Wu Xiao rejected the dollar.

In the past three years, the Nanjing entrepreneur has only used Chinese funds to open a blockchain startup, and he intends to continue to reject foreign investors.

He described his position as a “strategic choice.” “If we are foreign, then we may not be able to provide services to some domestic developers,” Wu said. “We may gain some opportunities, but we will also lose some.”

For Chinese entrepreneurs in more and more industries, the funds they choose to raise from venture capitalists are a growing consideration. There are early signs that the preference for the yuan, which has long dominated politically sensitive sectors such as defense, is now expanding.

According to data from Beijing-based financial data provider Pedata.cn, as of August, Internet startups have conducted 23 RMB financings, but there have been no USD transactions.

Although a seemingly trivial decision to raise renminbi or U.S. dollars, two currencies that mainly fund a large number of start-ups in the country, entrepreneurs have taken two very different paths.

For start-ups funded in RMB, this is simple. Entrepreneurs establish Chinese entities that investors can buy directly, and their usual goal is to go public on domestic exchanges or occasionally in Hong Kong.

In contrast, raising funds will force Internet start-ups to create an offshore structure called a “variable interest entity” (VIE) to bypass China’s restrictions on foreign investment in the industry and set it up if all goes well. For the initial public offering in the United States or Hong Kong.

But China’s full-scale crackdown on technology companies is changing the calculations of some founders and investors.

In a turbulent July, some of China’s largest technology companies, including ride-hailing app Didi, were investigated about how they held and used data, forcing them to stop new user registrations.

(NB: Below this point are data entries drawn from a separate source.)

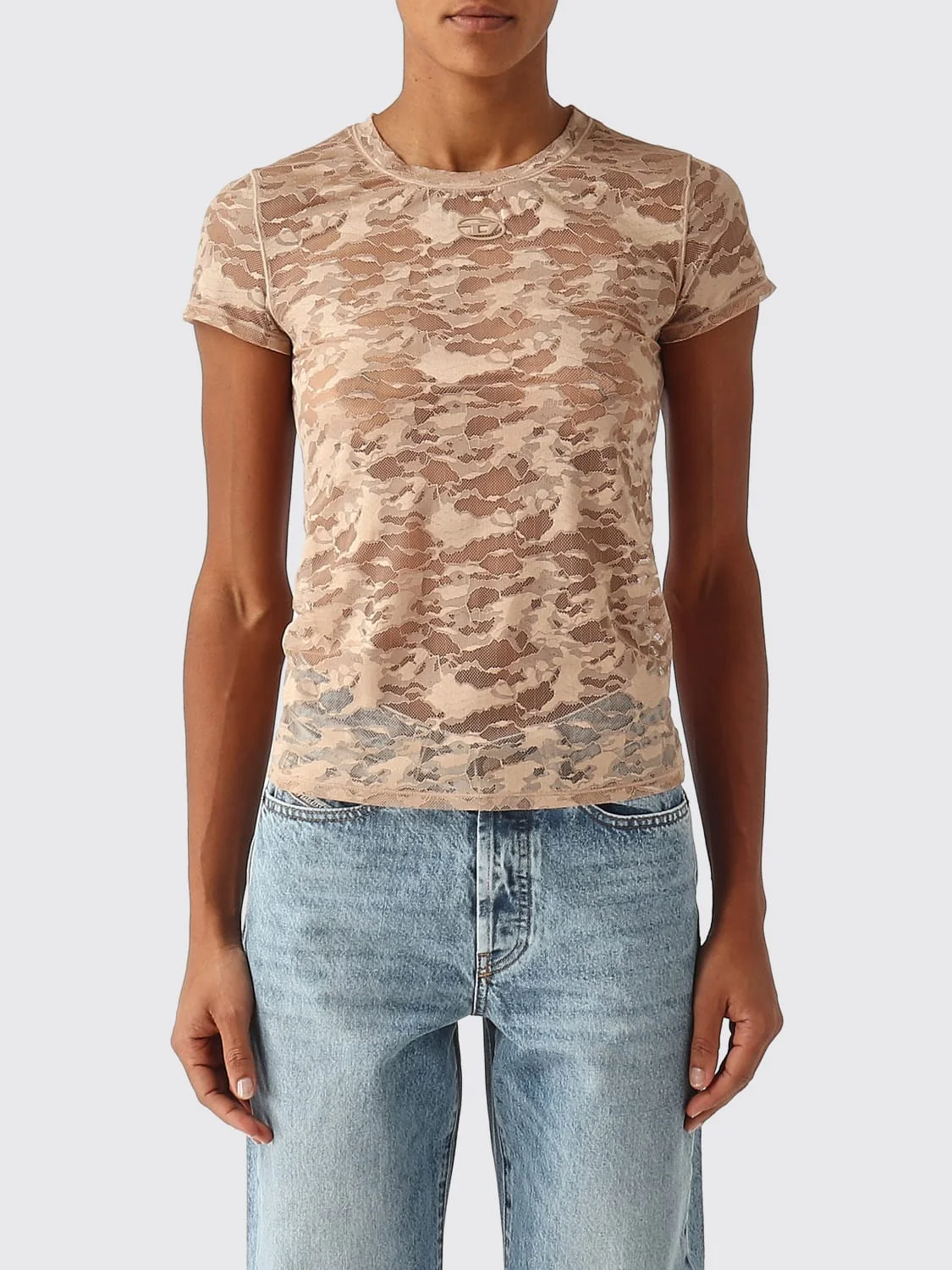 DESCRIPTION - Style: Romantic - Model: Crewneck - Neckline: Crewneck - Shoulders: Regular - Sleeves: Short - Bottom: With straight hemline - Logo: Diesel Oval D - Materials: Lace - Pattern: Plain-colored DETAILS AND CARE Composition | SIZE AND FIT Sizes not available Size and fit Slim fit Designer code: A183150DRAK 7FS Giglio Code: H81883 Designer: Diesel Collection: Clothing Diesel Category: Clothing > T-Shirt
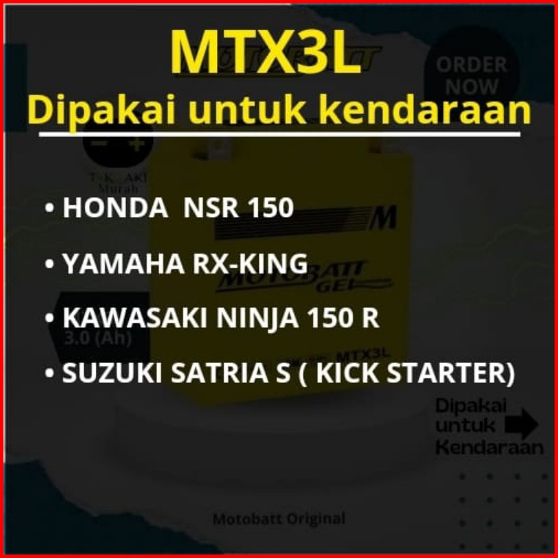Aki Motor Motobatt Mtx3l Original Yamaha Rx-king Garansi 2 Bulan
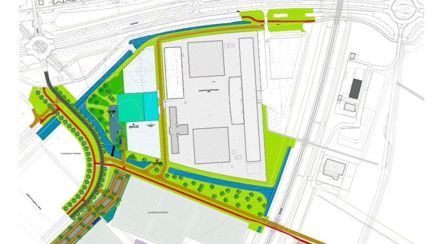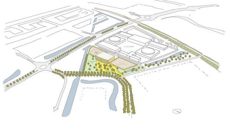 In het ontwerp is een tweede ontsluitingsweg opgenomen, specifiek voor de EBZ. Deze komt te liggen tussen de zittingszaal en de PI en sluit aan op de Larserdreef via de bestaande PI-toegang. Zo kunnen transporten van verdachten worden gescheiden van het reguliere verkeer en wordt de verkeersveiligheid in de wijk beter gewaarborgd.
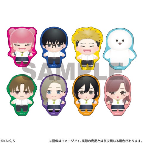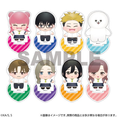 『正反対な君と僕』のキャラクター、鈴木、谷、山田、イエティ、平、東、西、本田の全8種がラインナップされたトレーディングアクリルスタンドです。

Beijing subsequently stated that any company with more than 1 million users planning to go public overseas must first undergo a cyber security review. The storm disturbed foreign investors and prevented the flow of Chinese companies hoping to list in the United States.

“If you have a lot of data and personal data, it is really sensitive now. People are very concerned about investing in these companies,” said a Beijing lawyer who asked not to be named. “Whether VIE will be allowed in the future is not yet clear.”

Complicated VIE structures have long existed in regulatory gray areas. Last month, China’s new regulations for for-profit education companies emphasized this point. The regulations prohibit foreign investment, including investment through the VIE structure, and require that existing VIEs be implemented. “Rectification”.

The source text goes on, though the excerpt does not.